Every time you speak to me, somber, angry, tense or carnal, you press yourself deeper into my dusky center. I replay the sound of your voice in my mind, see your face, consumed with passionate aggression, then replaced by calm, for a long moment after the compulsion to deliver yourself from continual longing, has been spent inside my arms, my hot musky interior...body and mind, interlaced.
I remember the first time over and over. How you came up to me in stealth(though I knew and expected) covered my mouth, stifling my gasp, grasping me from behind, firm, and abrupt, pressing your fingers tightly around my neck, biting into my shoulder, making me cry...for more. Then later, so slowly, unhurried, thoroughly, until there was no part of one another we did not know, as our own.
And it is not just the remembrance of those moments, but the thought of sitting near you, just being close and talking, about anything...everything. And later still, the coffee and wine. I loved that dark quaint bar where we had dinner, with you, sipping Chianti and me drinking you in. I took your hand under the table and slid it slowly up along my thighs, while my other hand found its way to the warm, taut place between yours. My face remained calm, only the flush of my face gave me away, and then I was only giving back to you, what you asked for, with your eyes, caressing me toward the inevitable reaction. We left before dessert, only because our tastes were for nothing on the menu
On the walk home through the park, we lingered, not wanting to rush to a moment, that would lead us closer to our inevitable parting. The midnight sky parted with wet kisses, and you knew instinctively, how I adored the rain, the woods, the sound of water lapping trees. You took my hands, knelt before me and repeated nature's seduction.
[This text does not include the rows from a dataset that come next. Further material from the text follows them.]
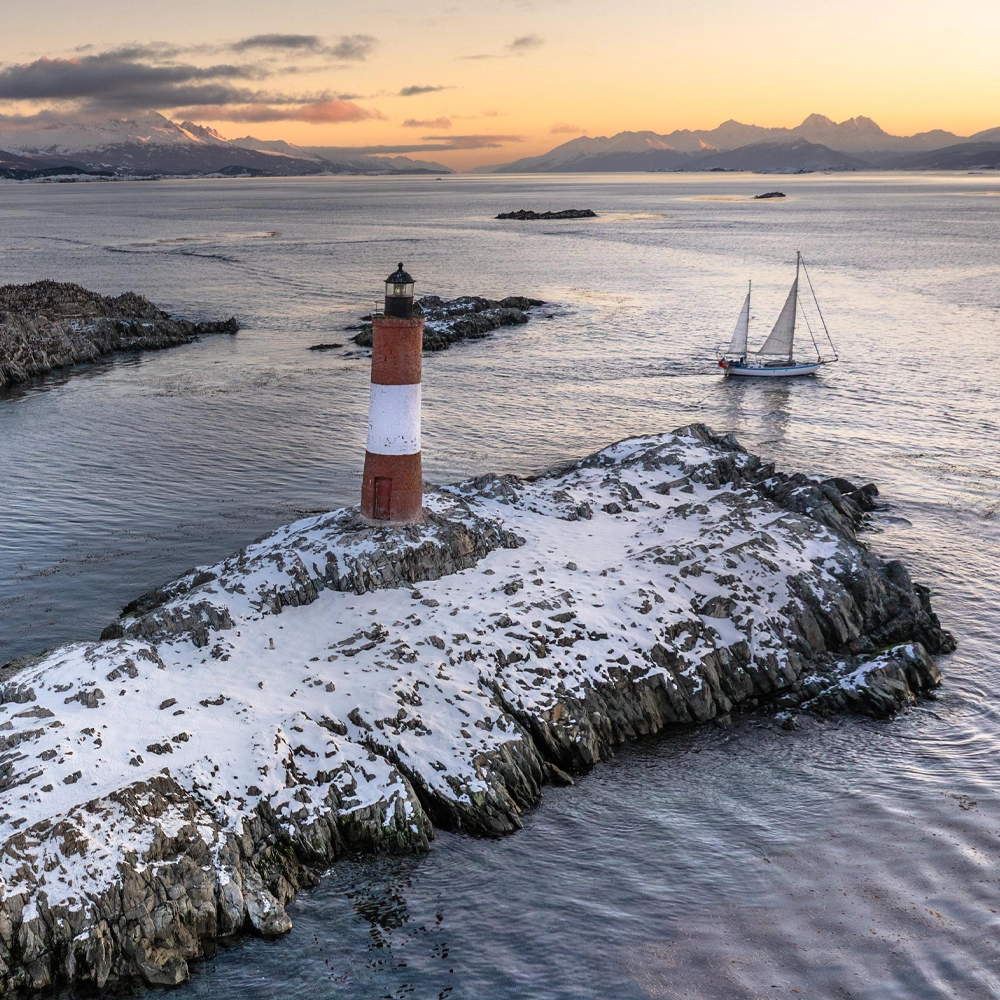 Chegaremos ao icônico farol conhecido como "o farol do fim do mundo", rodeado por corvos-marinhos imperiais, pombas-antárticas e gaivotas. Um momento ideal para tirar fotos e contemplar a imensidão do canal.
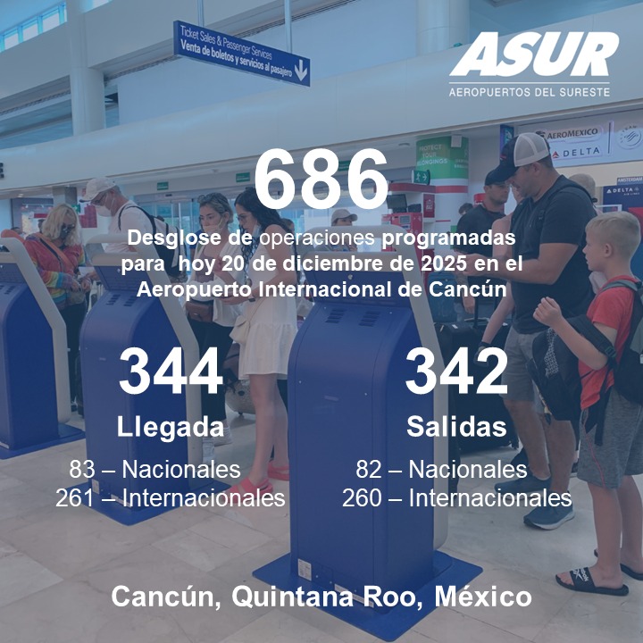 Te Puede Interesar: Aeropuerto de Cancún suma 569 operaciones aéreas en jornada sabatina
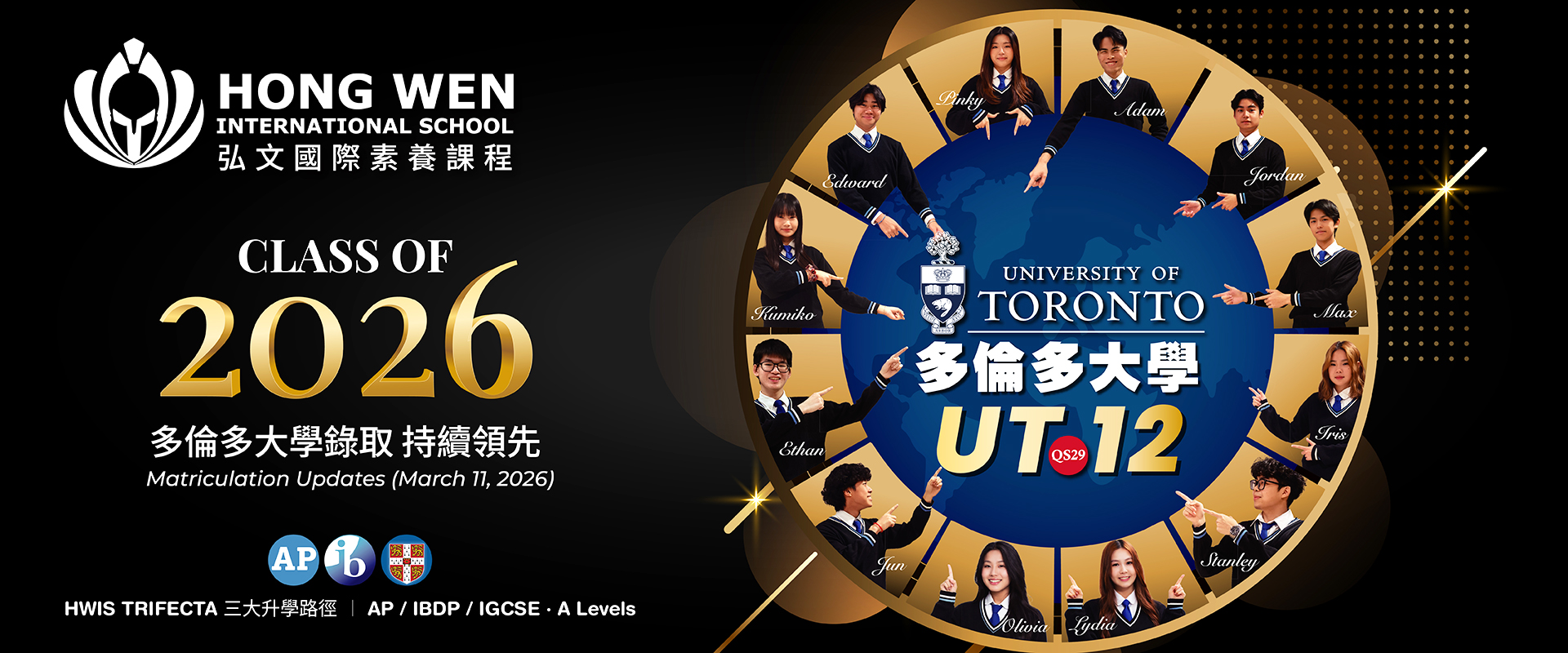 專為七至十二年級學生打造的弘文國際素養課程,除提供國際文憑大學預科課程(IBDP),更開設三十六門大學先修課程(AP)。我們著重培養批判思維、全球視野與卓越學術力,幫助學生進入世界頂尖大學,並在國際舞台上脫穎而出。

I wonder where are you right now, are you thinking of me, pondering wishes and impossibilities, weighing the need for me against the improbabilities of our situation? And I, being selfish, wanton or impetuous, all of it and more, simultaneous, can only think of being with you, talking, sharing, loving, debating, caressing, playing, kissing...I think I want to kiss you again more than anything. Those were the moments that spoke so much. The way our lips meet, touched and entangled. The way our tongues unfolded, darting, tasting, entwining, and how deeply we wished to devour one another. I want, no. I need more, than the memory of our mutual surrender, and subsequent terms of release...will you come, again?